While walking the floor at CTIA09, we spotted the RealVNC logo and wandered over to see what they had to offer for Android. Turns out a lot. RealVNC was showing off their new cross-platform desktop to mobile control scheme. Using your desktop, you can wirelessly connect to and control a mobile device complete with touch input and hard key access.

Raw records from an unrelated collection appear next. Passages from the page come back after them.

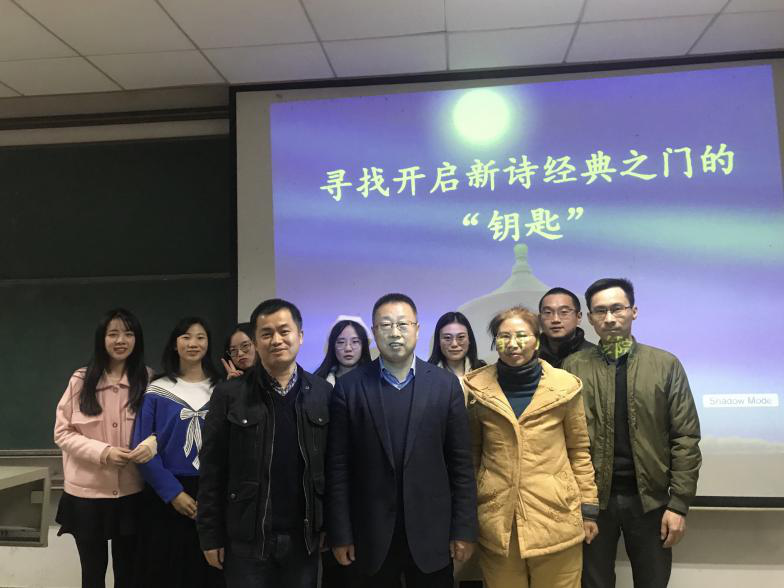 在讲座过程中,罗振亚教授用了大量的诗人作品及诗歌现象为例,随手拈来,挥洒自如,体现了深厚的诗学修养;同时,语言生动又不失严谨,各种诙谐的用词和比喻引得听众们会心一笑,气氛轻松而又热烈。讲座结束后,同学们根据当下新诗状况、新诗内在韵律、诗人自我注解等困惑的方面进行了提问,并一一得到罗振亚教授耐心的解答。
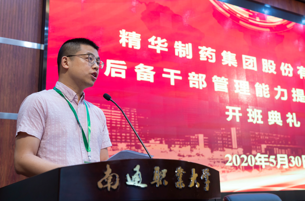5月30日,首期精华制药后备干部培训班在南通职业大学图书馆报告厅正式开班。集团公司党委副书记钱卫峰、人力资源部副总经理徐慧、南通职大党委书记羌毅等人出席本次开班仪式。南通职大继续教育学院王鑫明院长主持了本次开班仪式。
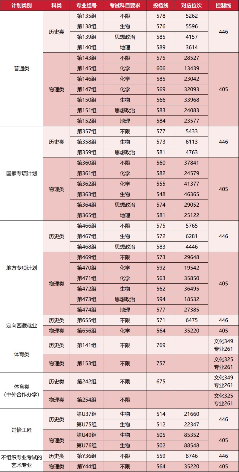 物理类地方专项最低分562。楚怡工匠历史类最低512分。
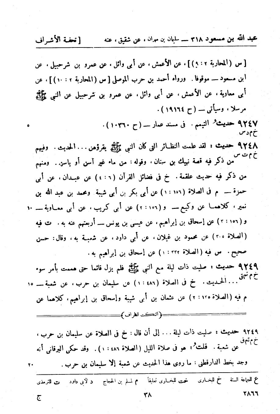 9249 - (خ م تم ق) حديث: صليت ذات ليلة مع النبيّ صَلَّى اللَّهُ عَلَيْهِ وَسَلَّمَ فلم يزل قائماً حتى هممت بأمر سوء ... الحديث. (خ) في الصلاة (486: 1) عن سليمان بن حرب , عن شعبة - (م) فيه (الصلاة 135: 2) عن عثمان بن أبي شيبة وإسحاق بن إبراهيم، كلاهما عن -[39]- جرير - و (135: 3) عن إسماعيل بن الخليل وسويد بن سعيد، كلاهما عن علي بن مسهر - ثلاثتهم عنه به. (ت) في الشمائل (41: 18) عن سفيان بن وكيع , عن جرير به. و (41: 17) عن محمود بن غيلان , عن سليمان بن حرب به. (ق) في الصلاة (239: 1) عن عبد الله بن عامر بن زرارة وسويد بن سعيد، كلاهما عن علي بن مسهر به.

The potential uses here are many. A company could use RealVNC control at an enterprise level to assist with technical issues on their employee’s phone or provide support for a confused user. The entire screen of the mobile device is shown in real time on the desktop, giving the help desk or service tech instant insight into the device without needing to be anywhere near it. Check out the video below for a quick preview of the service.

8 Comments
that’s pretty good
i guess
i want it the other way around… control a desktop from the android device
do they have that yet
http://www.cyrket.com/package/android.androidVNC
haha wow thats like a haunted phone!
I could see that coming in handy, but I could really see the usefulness the other way around (controlling a desktop from a phone)

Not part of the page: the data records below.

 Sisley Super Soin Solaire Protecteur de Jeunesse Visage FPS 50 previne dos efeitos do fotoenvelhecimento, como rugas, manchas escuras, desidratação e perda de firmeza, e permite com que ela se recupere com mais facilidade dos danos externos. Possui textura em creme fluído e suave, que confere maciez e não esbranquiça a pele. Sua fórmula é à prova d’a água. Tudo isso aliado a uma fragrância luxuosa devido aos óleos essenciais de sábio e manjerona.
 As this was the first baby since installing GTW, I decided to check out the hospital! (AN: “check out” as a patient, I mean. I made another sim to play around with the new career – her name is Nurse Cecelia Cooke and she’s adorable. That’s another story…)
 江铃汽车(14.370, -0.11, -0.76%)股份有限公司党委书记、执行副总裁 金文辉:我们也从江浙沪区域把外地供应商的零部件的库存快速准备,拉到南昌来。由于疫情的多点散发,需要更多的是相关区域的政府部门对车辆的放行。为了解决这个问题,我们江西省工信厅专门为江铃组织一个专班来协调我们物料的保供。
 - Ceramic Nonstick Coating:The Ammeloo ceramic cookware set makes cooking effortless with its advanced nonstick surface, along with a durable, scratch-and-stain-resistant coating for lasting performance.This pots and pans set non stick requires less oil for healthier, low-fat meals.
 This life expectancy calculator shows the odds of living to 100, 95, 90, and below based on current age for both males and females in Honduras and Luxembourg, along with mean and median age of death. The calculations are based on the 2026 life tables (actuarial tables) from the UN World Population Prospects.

but ive used VNC before, and have a desktop crammed into a tiny phone screen wouldnt likely be very doable
to the commenter above there’s plenty of vnc/rdp android apps already to control your pc just search the market
yea there are many rdp apps out there. the best one is remote rdp. check out http://www.androidtapp.com/remote-rdp/
its expensive, but it works like a bomb. really smooth! i had windows 7 on my G1…well, sorta
Hmmm….. last I looked at this, the Android API did not give you access to the event queue so that you can inject keystrokes and/or touch events – at least outside your own app – undoubtedly Google considered this a security risk. I suspect this was a rooted phone. Can anyone confirm or reject that?
the phone is in root mode…
I’m pretty new to the Android platform and I’m surprised there hasn’t been a solution to this before now. There’s been a tool that’s been around for years on the WM platform that I’ve used. Never thought too much about security actually though.
This tool is essential if you have to manually enter in allot of data (eg. password apps).